Architecture · PlusWellbeing.ai
From meal photo to FHIR
Details below are limited to what the product publicly does; internal specifics are simplified.
The feature sounds simple: photograph your lunch, get a nutrition log. The engineering problem is that every step of that sentence is probabilistic — vision models guess, food databases disagree, and health data has to end up in a format clinicians and other systems can trust. This is the pipeline that makes it dependable.

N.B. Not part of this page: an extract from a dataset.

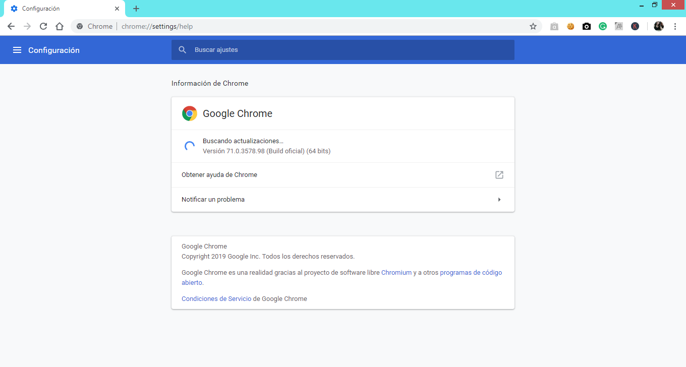 - Cuando chequeas la versión de Chrome que estás ejecutando si está actualizado, debajo del número de versión te aparece el mensaje “Google Chrome está actualizado”. De lo contrario, te indica que hay actualizaciones disponibles.

Schema-constrained, or it didn’t happen
The model call (Claude Sonnet 4.5 on Amazon Bedrock) is forced to return JSON matching a strict schema — ingredient names, quantities, units, confidence. Free-text answers are never parsed with regexes and hope; a response that fails validation is retried, and one that fails twice degrades to a “needs review” state instead of writing garbage into a health record. LLM output is treated like any other untrusted user input.
Why FHIR
The end of the pipeline isn’t a bespoke meals table — it’s a FHIR resource in Medplum. That one decision buys interoperability with the rest of the healthcare stack: care teams, analytics, and any future integration read the same standard resource, and access control comes with the platform instead of being reinvented.
Why streaming
A full pipeline run takes seconds — too long for a spinner. Results stream to the client over SSE as they’re produced, so the app shows ingredients appearing while macros and scoring are still in flight. Same total latency, entirely different feel.
The scoring pass at the end is deliberately boring: deterministic rules for allergen safety and plan fit, applied to the structured data — not another model call. When a number decides whether a meal is flagged for an allergy, you want arithmetic, not vibes.